The northern politician has been prime minister (1996-97), minister for Foreign Affairs (2000-01) and president of the Parliament (2005-09) of his country. The German candidate was minister for Justice in the governments of Helmut Kohl (1992-96) and Angela Merkel (2009-13).

 

Jagland, also known for being president of the Nobel Prize Committee (his mandate finishes this year), has the support of not a few countries defending the reform he has started in the organization (saving costs and restructuring the Council to make it more effective) and he has witnessed how his presence in the media has increased as a result of his mediation in the conflict between Russia and Ukraine for the peninsula of Crimea.

 

Also in favour of the organization’s reform, Leutheusser-Schnarrenberger has a powerful weapon: Merkel’s support.

 

Sabine Leutheusser-Schnarrenberger has a powerful weapon: the support of the chancellor Angela Merkel

 

300 members of parliament from the Chamber of Deputies and Senates of the member states, sharing a seat in the Parliamentary Assembly of the Council of Europe, will be in charge of choosing the visible head of the organization. The remaining 18 are members of the Russian delegation, deprived until January 2015 of its right to vote because of the “annexation to Crimea”, something that seems to harm Jagland. Some people consider unfair that the Committee of Ministers –the decision-making body of the Council of Europe grouping ministers for Foreign Affairs or ambassadors in the organization–, removed the former president of the Assembly, Jean-Claude Mignon (EPP), from the list of candidates in February, in the only selection process for the position. Reasons?
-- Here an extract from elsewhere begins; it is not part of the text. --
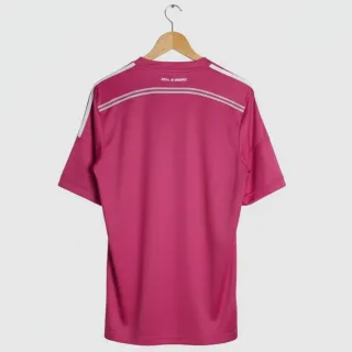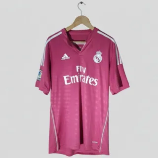 Camiseta de fútbol del Real Madrid de la temporada 2014-2015. Diseño en color rosa con detalles blancos. - Logo de Adidas. - Escudo del Real Madrid. - Patrocinador Fly Emirates.

According to his detractors: not meeting the conditions of the Juncker report, written in 2005 by the current candidate of the EPP to the European Commission, the one who proposed international prestige for the Secretary General of the Council and that they had previously held the position of prime minister or minister in their country.

 

Last January, the liberal from Luxembourg, Anne Brasseur, was elected president of the Assembly. With the victory of Leutheusser-Schnarrenberger. Two liberal women as visible heads of the Council of Europe?

 

Besides, Leutheusser-Schnarrenberger may find her compatriot Martin Schultz –still holding the presidency of the European Parliament– as the new president of the European Commission. Two Germans leading the European Commission and the Council of Europe?

 

And what about the next secretary general of the NATO, Jens Stoltenberg, from the same country and political family as Jagland (being also the 13th secretary general). Two Norwegians leading the two organizations?

 

Reluctant to celebrate an online debate offered by the Association of European Journalists, Avenue Europa, Jagland and Leutheusser-Schnarrenberger get votes for their cause with each member of parliament. The ending, in two months.